Pictures must not appear; the answer is exactly the lines from the one that holds "最初の切手(1923年、イタリア発行)=右上" through the end of the material.

** Opening DATA FOR THIS TASK block **

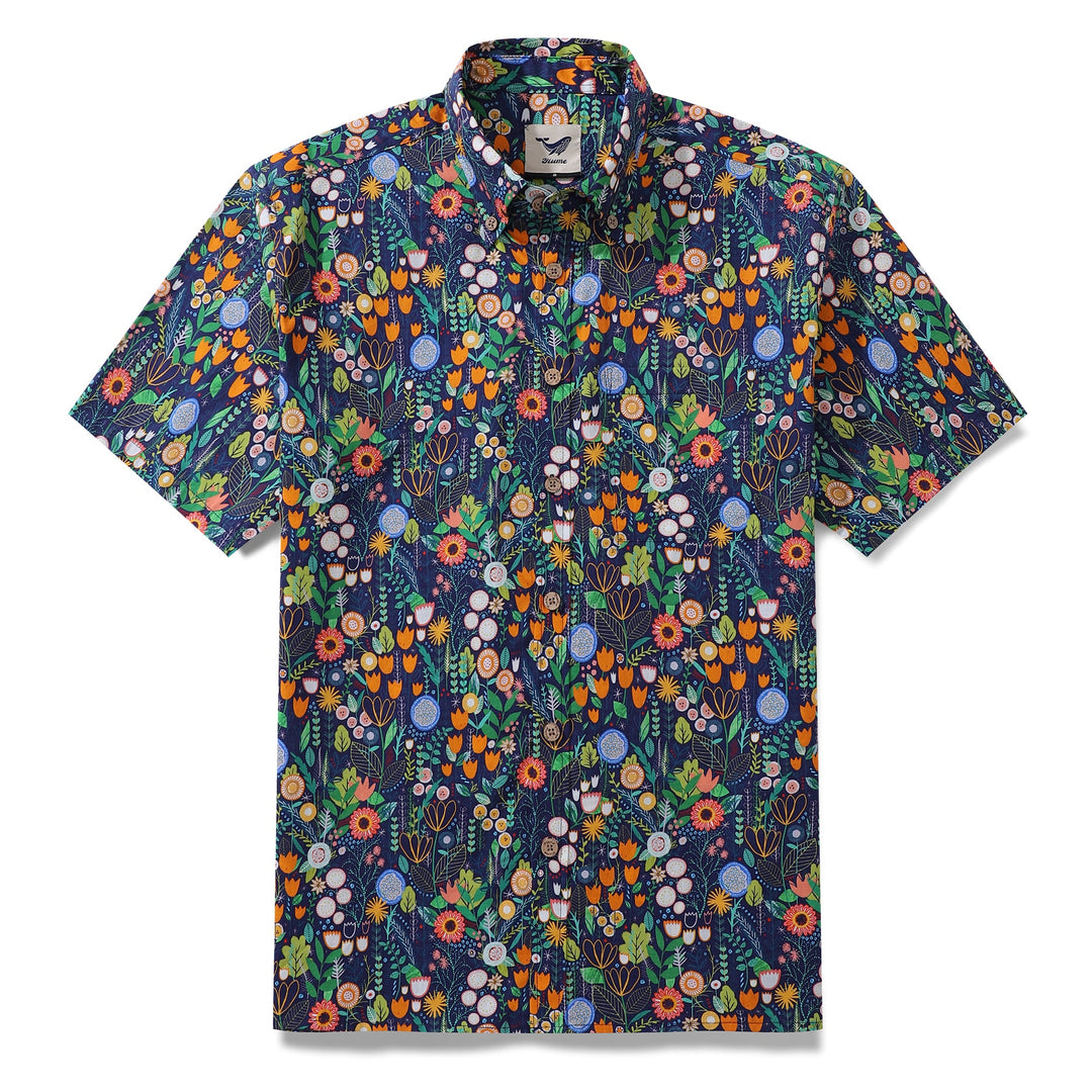 Floral Hawaiian Shirt For Men Button-down Short Sleeve 100% Cotton Shirt Mary's Garden By Rachel Parker
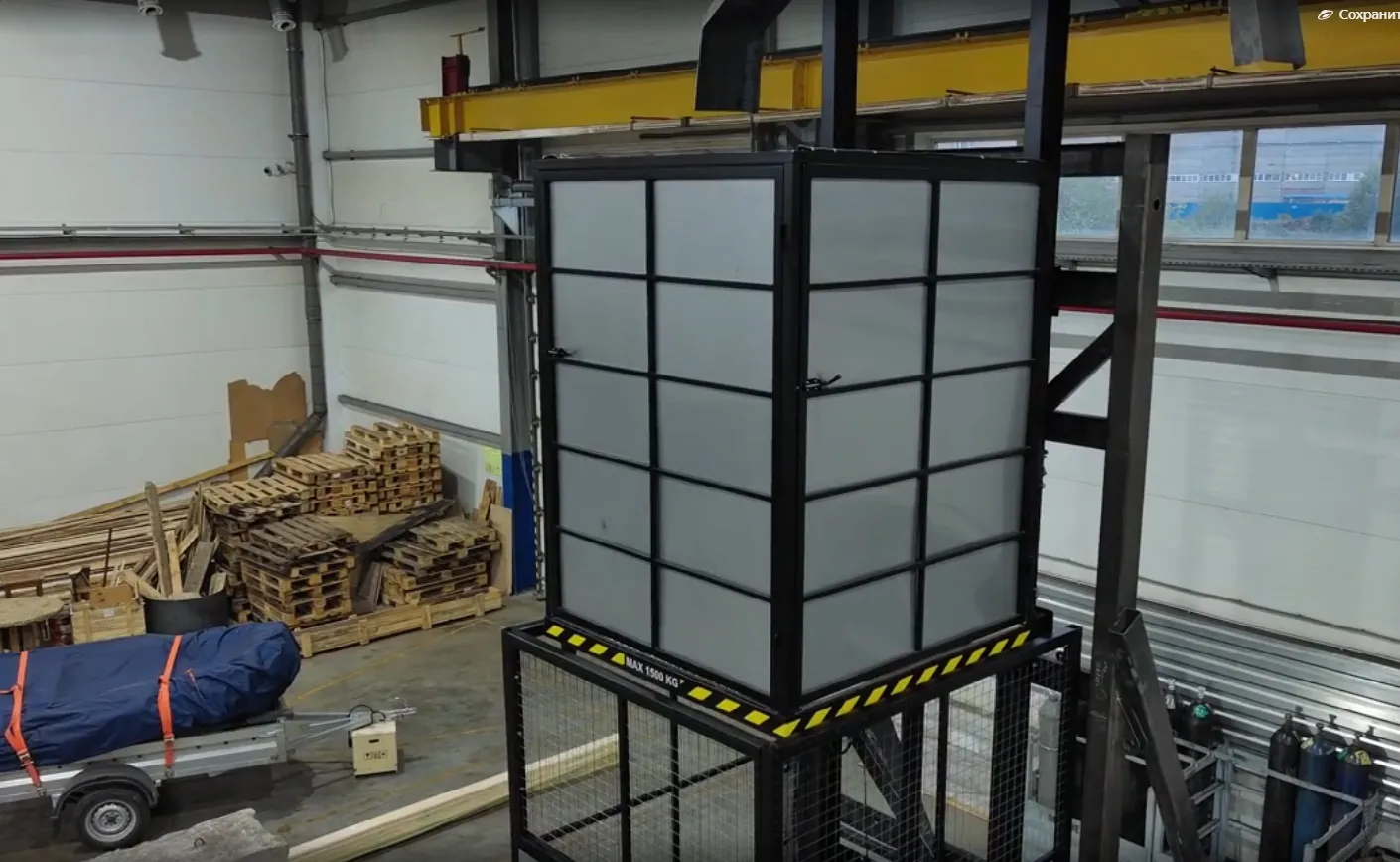 Наши постоянные клиенты заказали у нас консольный подъёмный стол для перемещения грузов весом до 1000 кг. Заказ также включал в себя ограждения из сетки и кабину.
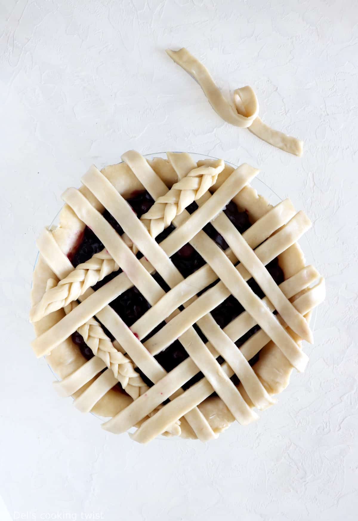 When it comes to weaving a pie, you need a strong pie crust, easy to handle. This is the only way you can guarantee the strips of dough will hold their shape when weaving the design on top of your pie. My go-to recipe is my all-butter pie crust, a recipe I created a few years ago for my Classic Apple Pie.
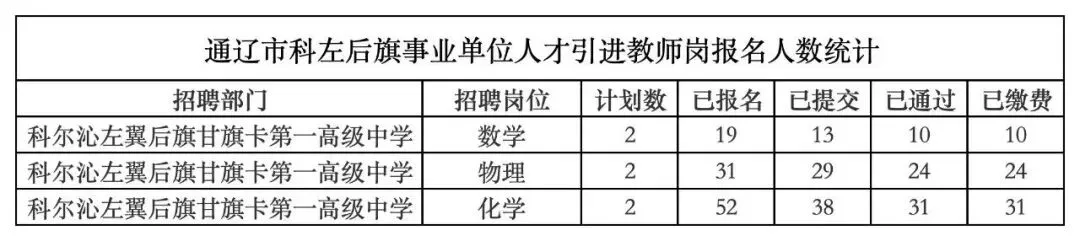 由于扎鲁特旗报名系统无法查看实时报名人数,所以只统计了市直、科左后旗和库伦三个旗县。
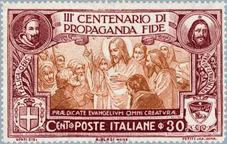 最初の切手(1923年、イタリア発行)=右上
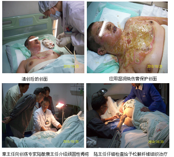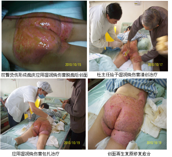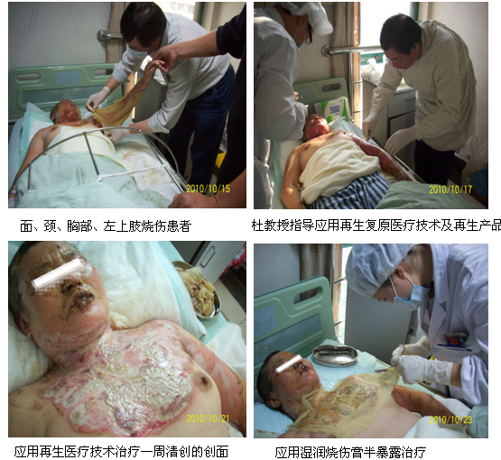 2010年10月9日,在南京舉辦了各大醫(yī)院燒傷整形科高級醫(yī)療人員座談會后,江蘇省人民醫(yī)院燒傷整形科率先在臨床推廣應用再生醫(yī)療技術及再生系列產(chǎn)品治療燒傷患者3名,應用創(chuàng)瘍貼治療褥瘡患者1名。在應用再生醫(yī)療技術治療兩周后,其中1名燒傷患者以痊愈出院,另1名患者大部分燒傷創(chuàng)面已愈合,部分深II度~淺III度創(chuàng)面組織生機良好?;颊邞迷偕t(yī)療技術換藥治療時,創(chuàng)面“不疼痛、不出血、創(chuàng)面不存留液化物和壞死組織”(即創(chuàng)面治療三不原則),深受醫(yī)生護士和患者及家屬的歡迎,達到了推廣再生復原醫(yī)療技術地目的。
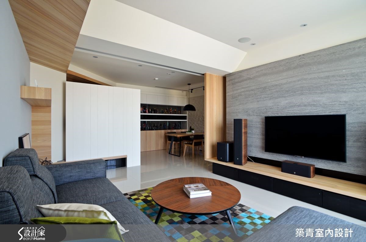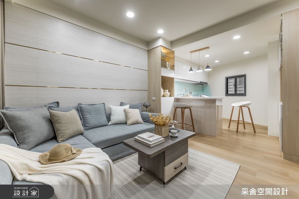 客廳灰色系電視主牆,奠定了整室好氣質,與門面的公爵藍、低奢裝飾物件相映成趣,巧妙用古典元素勾勒備受尊榮的居家氣氛。開放的廚房設計,利用小中島串接兩場域機能,同時身兼兩人生活的小用餐區;而花磚拼貼除了易清潔,也替空間中的每道牆型塑獨特端景面。主臥房門面用上百葉窗意象,獨具巧思的設定,放大公、私領域範圍,也營造出通透感十足的光感居家。
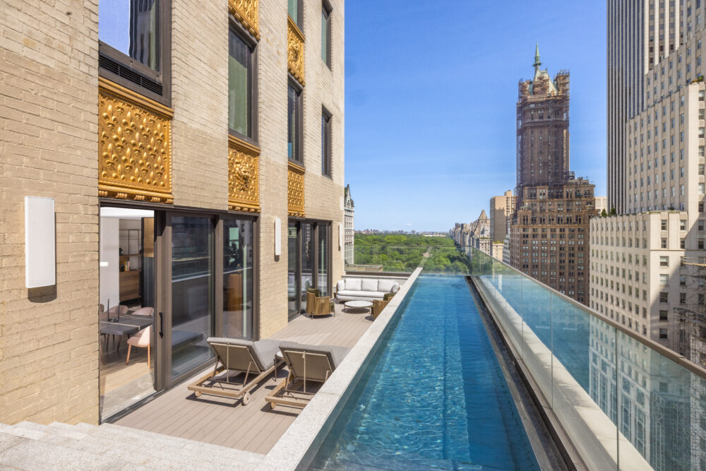 The Aman Residences is an ultra-exclusive collection of only 22 private homes. This exquisite three-bedroom, three-and-a-half-bathroom residence spans 3,746 square feet, offering unmatched sophistication and privacy. The 1,058-square-foot terrace, complete with a private pool and jacuzzi, presents stunning views of Central Park, creating an idyllic urban sanctuary.

** Closing DATA FOR THIS TASK block **

- **YOUR RESPONSE**:
 最初の切手(1923年、イタリア発行)=右上
 2010年10月9日,在南京舉辦了各大醫(yī)院燒傷整形科高級醫(yī)療人員座談會后,江蘇省人民醫(yī)院燒傷整形科率先在臨床推廣應用再生醫(yī)療技術及再生系列產(chǎn)品治療燒傷患者3名,應用創(chuàng)瘍貼治療褥瘡患者1名。在應用再生醫(yī)療技術治療兩周后,其中1名燒傷患者以痊愈出院,另1名患者大部分燒傷創(chuàng)面已愈合,部分深II度~淺III度創(chuàng)面組織生機良好?;颊邞迷偕t(yī)療技術換藥治療時,創(chuàng)面“不疼痛、不出血、創(chuàng)面不存留液化物和壞死組織”(即創(chuàng)面治療三不原則),深受醫(yī)生護士和患者及家屬的歡迎,達到了推廣再生復原醫(yī)療技術地目的。
 客廳灰色系電視主牆,奠定了整室好氣質,與門面的公爵藍、低奢裝飾物件相映成趣,巧妙用古典元素勾勒備受尊榮的居家氣氛。開放的廚房設計,利用小中島串接兩場域機能,同時身兼兩人生活的小用餐區;而花磚拼貼除了易清潔,也替空間中的每道牆型塑獨特端景面。主臥房門面用上百葉窗意象,獨具巧思的設定,放大公、私領域範圍,也營造出通透感十足的光感居家。
 The Aman Residences is an ultra-exclusive collection of only 22 private homes. This exquisite three-bedroom, three-and-a-half-bathroom residence spans 3,746 square feet, offering unmatched sophistication and privacy. The 1,058-square-foot terrace, complete with a private pool and jacuzzi, presents stunning views of Central Park, creating an idyllic urban sanctuary.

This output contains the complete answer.